Reading a Sequence File

Here is a code snippet to read data from a Sequence File called example.seqfile :

Path inputFile = new Path("example.seqfile");

try (SequenceFile.Reader reader = new SequenceFile.Reader(new Configuration(), SequenceFile.Reader.file(inputFile))) 
{
    Text key = new Text();
    ExampleWritable value = new ExampleWritable();

    while (reader.next(key, value)) {
        System.out.println(key);
        System.out.println(value);
    }
}

As you can see, reading is very simple. Key/Value types and compression detection is done automatically. All Sequence Files contain this information in a header at the beginning of the file.
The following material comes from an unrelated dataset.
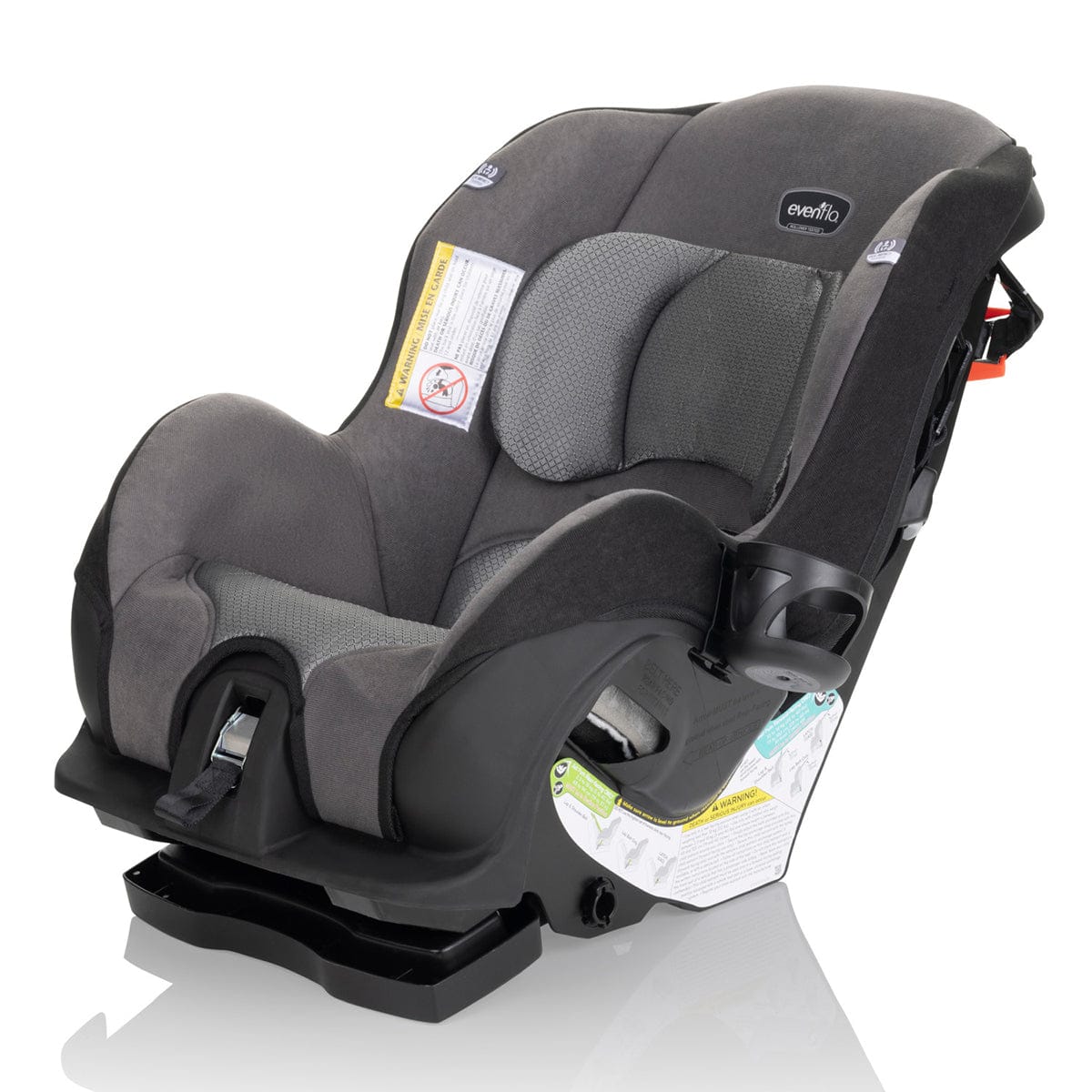 If you’re looking for a savvy car seat investment, take a closer look at the car seat reviewers across the internet agree is an amazing value: The Even?o® Tribute™ LX Convertible Car Seat. Budget-friendly, the Tribute LX checks off your essential must-haves, from stringent safety standards and child comfort to ease of use. But that’s just the beginning. This dependable convertible features a compact design ideally suited to smaller vehicles and backseats that need to fit multiple car seats comfortably — owners frequently report they can fit 3-across, although that is dependent on vehicle type. Will you be traveling? Weighing just 9.4 lb, the Tribute LX is the lightweight choice for families who fly frequently or need to switch between vehicles often. Designed for children weighing 5 to 40 lb, measuring 19 to 40 in. tall, this reliable convertible takes you from rear-facing to forward-facing modes with a 5-point harness and adjustable, 4-position shoulder harness. You might not expect a no-nonsense convertible car seat to come with conveniences, but think again! The up-front harness adjust makes it easy to maintain a secure fit as your child grows. As your baby grows, the plush head pillow adds comfort and support for proper head positioning — and it’s removable when your child outgrows it. To keep snacks and drinks within reach on the go, the Tribute LX includes a removable cup holder that’s dishwasher-safe for easy cleaning. And because messes happen, the durable, stain-resistant polyester fabrics are removable for tossing into your washer. Discover for yourself why so many families trust the Tribute LX as their first car seat and even their second car seat for grandparents, babysitters and caregivers.
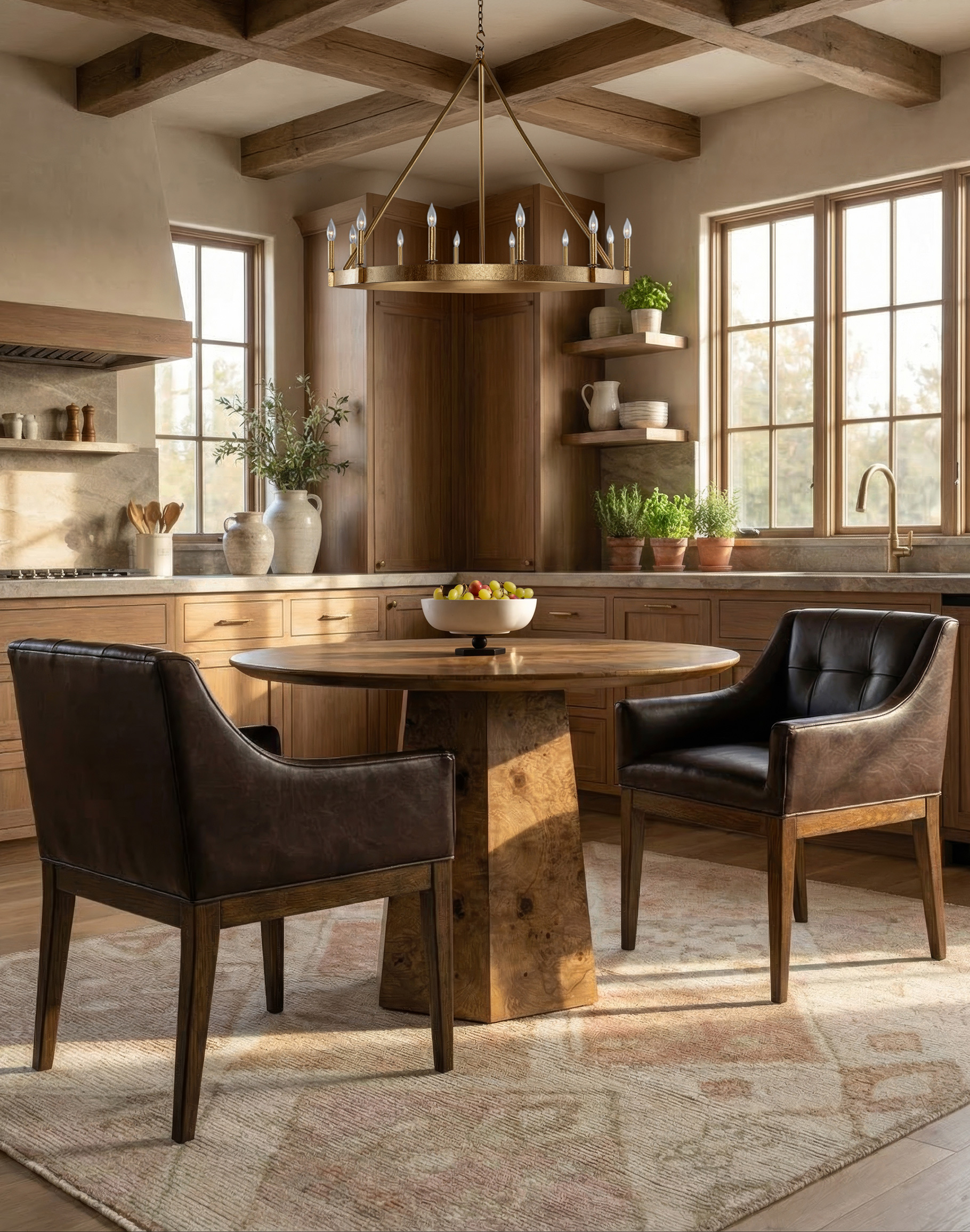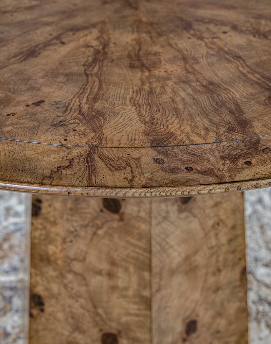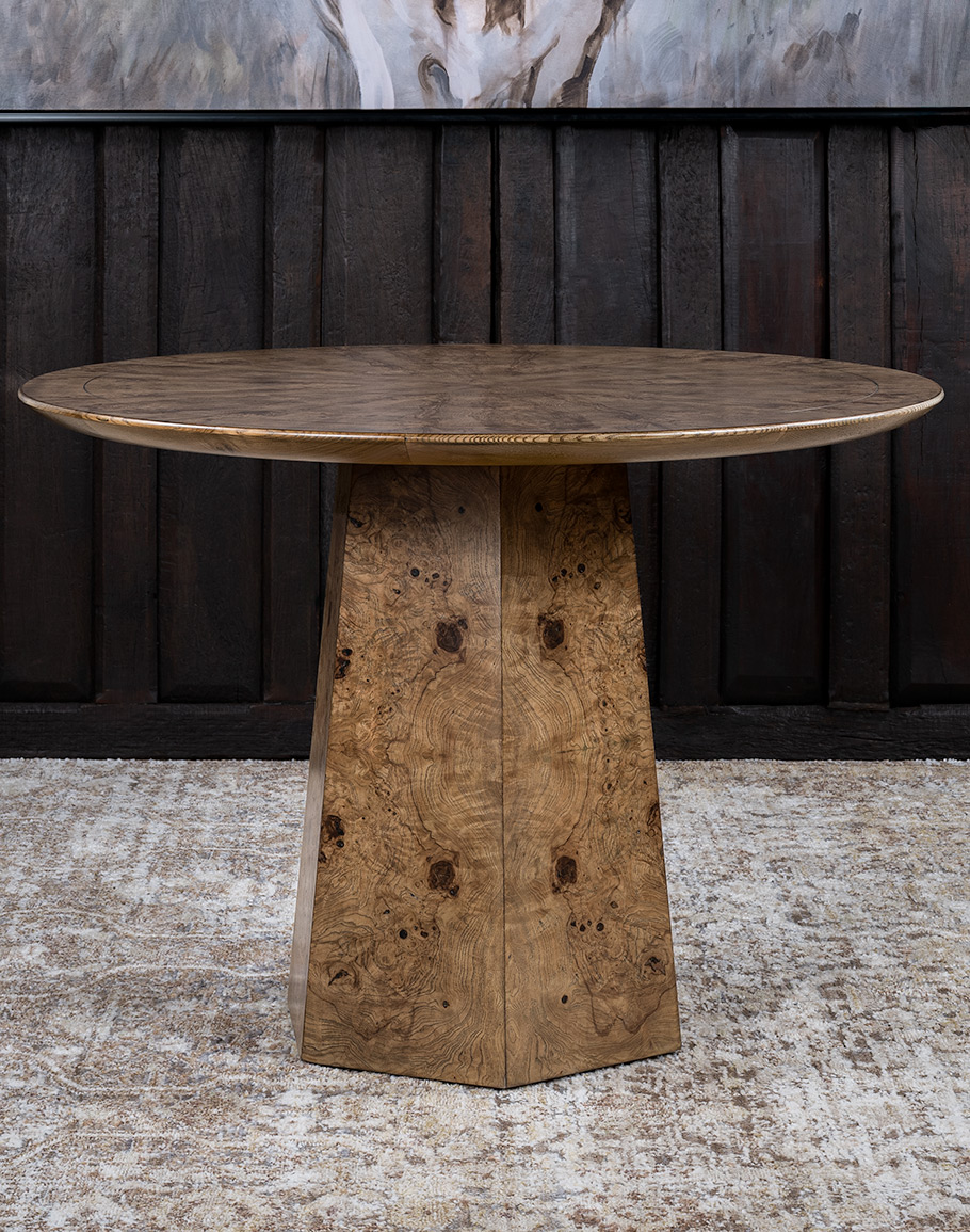 Elevate your dining space with the unmistakable artistry of burl. The Burl Wood Round Dining Table is 100% American made,crafted to the highest standards of quality and fine-furniture craftsmanship. The circular silhouette creates a natural gathering point—inviting conversation, effortless flow, and a beautifully balanced presence in both modern and transitional interiors.

Various getters are available on the Reader object to find out what the types and compression are. All you need to do is provide objects with the matching writable key and value types to the reader.next(key,value) method. This method will use the readField(in) from your writable objects to populate their attributes.

Creating the “Donations” Sequence File

Java Code

Below are the classes I used to create the Sequence File for the “donations” dataset. They use all of the techniques described in the previous section.

You can click on each class name to view it on GitHub :

  • DonationWritable.java
    • Contains 18 fields from the CSV (leaving out 4 useless fields).
    • Has a parseLine(String line)  method to populate fields from a csv line.
  • DonationsWriter.java
    • Executable file with metrics and ignoring the first line of the csv (containing column names).
    • Uses “Block Compression”.
    • Uses the donation_id field as the key value => Text key type.
  • DonationsReader.java
    • Executable file to print out all records, just for testing.

Here are the terminal commands for using these classes to create the Sequence File in HDFS from the CSV file, and then read it :

$ hadoop jar donors.jar data.seqfile.DonationsWriter /data/donors/opendata_donations.csv donors/donations.seqfile

15/12/17 17:46:11 INFO zlib.ZlibFactory: Successfully loaded & initialized native-zlib library
15/12/17 17:46:11 INFO compress.CodecPool: Got brand-new compressor [.deflate]
1 million lines processed
2 million lines processed
3 million lines processed
4 million lines processed
5 million lines processed
Number of lines processed : 5069961
Number of errors : 438625
Took 722464 ms.


$ hadoop jar donors.jar data.seqfile.DonationsReader donors/donations.seqfile

15/12/17 18:02:25 INFO zlib.ZlibFactory: Successfully loaded & initialized native-zlib library
15/12/17 18:02:25 INFO compress.CodecPool: Got brand-new decompressor [.deflate]
15/12/17 18:02:25 INFO compress.CodecPool: Got brand-new decompressor [.deflate]
15/12/17 18:02:25 INFO compress.CodecPool: Got brand-new decompressor [.deflate]
15/12/17 18:02:25 INFO compress.CodecPool: Got brand-new decompressor [.deflate]
Compressed ? true
00000ce845c00cbf0686c992fc369df4|project=7be7184572a67468a2ef4402e7de6c99|city=|total=25.00
0000174d1d38072889d47e51b587a10c|project=fbef21e4fdf303eebe6c48b99ef9de8f|city=San Francisco|total=2138.07
0000219e4b37d2504fb6b8c28e24a2d4|project=b4afbc05ce9ff8420c176810bd59db79|city=Ballwin|total=47.56

There are a number of errors when creating the file, but this is due to errors in the original csv. The “comments” field of the csv contains carriage returns, and it seems like they caused line returns in the csv, because we can see the comment going on to the next line sometimes.

Compression Benchmark

Here is a small benchmark on the 3 different types of compression, using my mini cluster on the “donations” dataset :

Type Sequence File Size HDFS Blocks Write Time Read Time
None 1.19 GB 10 8 min 50 s 1 min 12 s
Record Compression 1.01 GB 9 15 min 05 s 3 min 52 s
Block Compression 493 MB 4 11 min 49 s 1 min 18 s

The write and read times are an average of 2 executions, both executed from the master node.

Conclusion

The Record Compression barely saves space here, reducing the file by only 1 block, and is 3 times slower to read. So it’s not really a good idea to use it.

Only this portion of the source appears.